The new PhishER Blocklist feature lets you use reported messages to prevent future malicious email with the same sender, URL or attachment from reaching other users. Now you can create a unique list of blocklist entries and dramatically improve your Microsoft 365 email filters without ever leaving the PhishER console.
Join us TOMORROW, Wednesday, May 17, @ 2:00 PM (ET) for a l |
Ransomware Spam Malware Hack Tool Threat | ★★ | |
|
2023-05-15 18:25:35 | L'état des cyber-défenses organisationnelles a un impact The State of Organizational Cyber Defenses Impacts Cyber Insurance Availability, Cost, and Terms (lien direct) |
|
★★ | ||
|
2023-05-15 12:09:55 | Ransomware Gangs are “Big Game Hunting” as Victim Org Sizes and Ransom Payments Continue to Rise (lien direct) |
|
Ransomware | ★★ | |
|
2023-05-11 12:14:18 | Munich Re: "3x croissance estimée en cas de cybercriminalité au cours des 4 prochaines années" Munich Re: "3x growth estimated in cyber crime costs over the next 4 years" (lien direct) |
Alors que les cyberattaques continuent de croître en sophistication et en fréquence, les cyber-assureurs s'attendent à ce que leur marché double au cours des deux prochaines années.

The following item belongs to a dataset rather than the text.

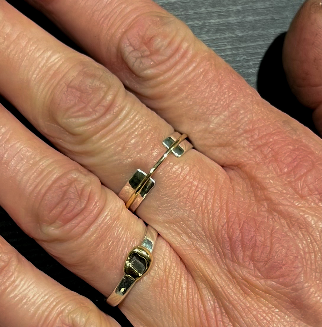 Je kunt kiezen uit 1 ring met verschillende uitwerkingen. Zo kun je gaan voor een ring met rond draad, bolletjes draad of rmessing draad. Ook heb je keuze in de afwerking van de ring door deze bijvoorbeeld te hameren of glad te houden. De keuze is dus helemaal aan jou!

As cyber attacks continue to grow in sophistication and frequency, cyber insurers are expecting their market to double in the next two years. |
★★ | ||
|
2023-05-11 12:14:18 | La demande de cyber-assurance augmente à mesure que la cybercriminalité devrait atteindre 24 billions de dollars d'ici 2027 Cyber Insurance Demand Grows as Cybercrime is Expected to Rise to $24 Trillion by 2027 (lien direct) |
|
★★ | ||
|
2023-05-09 20:43:09 | [Doigt sur la gâchette] Comment le FBI a nuculé le vol de données de data de serpent russe [Finger on the Trigger] How the FBI Nuked Russian FSB\\'s Snake Data Theft Malware (lien direct) |
![[Finger on the Trigger] How the FBI Nuked Russian FSB\'s Snake Data Theft Malware](https://blog.knowbe4.com/hubfs/JasperArt_2023-05-09_16.25.49_1.png)
|
Malware | ★★ | |
|
2023-05-09 14:03:14 | [Infographie] [INFOGRAPHIC] (lien direct) |
★★★★ | |||
|
2023-05-09 13:00:00 | Cyberheistnews Vol 13 # 19 [Watch Your Back] Nouvelle fausse erreur de mise à jour Chrome Attaque cible vos utilisateurs CyberheistNews Vol 13 #19 [Watch Your Back] New Fake Chrome Update Error Attack Targets Your Users (lien direct) |
CyberheistNews Vol 13 #19 | May 9th, 2023
[Watch Your Back] New Fake Chrome Update Error Attack Targets Your Users
Compromised websites (legitimate sites that have been successfully compromised to support social engineering) are serving visitors fake Google Chrome update error messages.
"Google Chrome users who use the browser regularly should be wary of a new attack campaign that distributes malware by posing as a Google Chrome update error message," Trend Micro warns. "The attack campaign has been operational since February 2023 and has a large impact area."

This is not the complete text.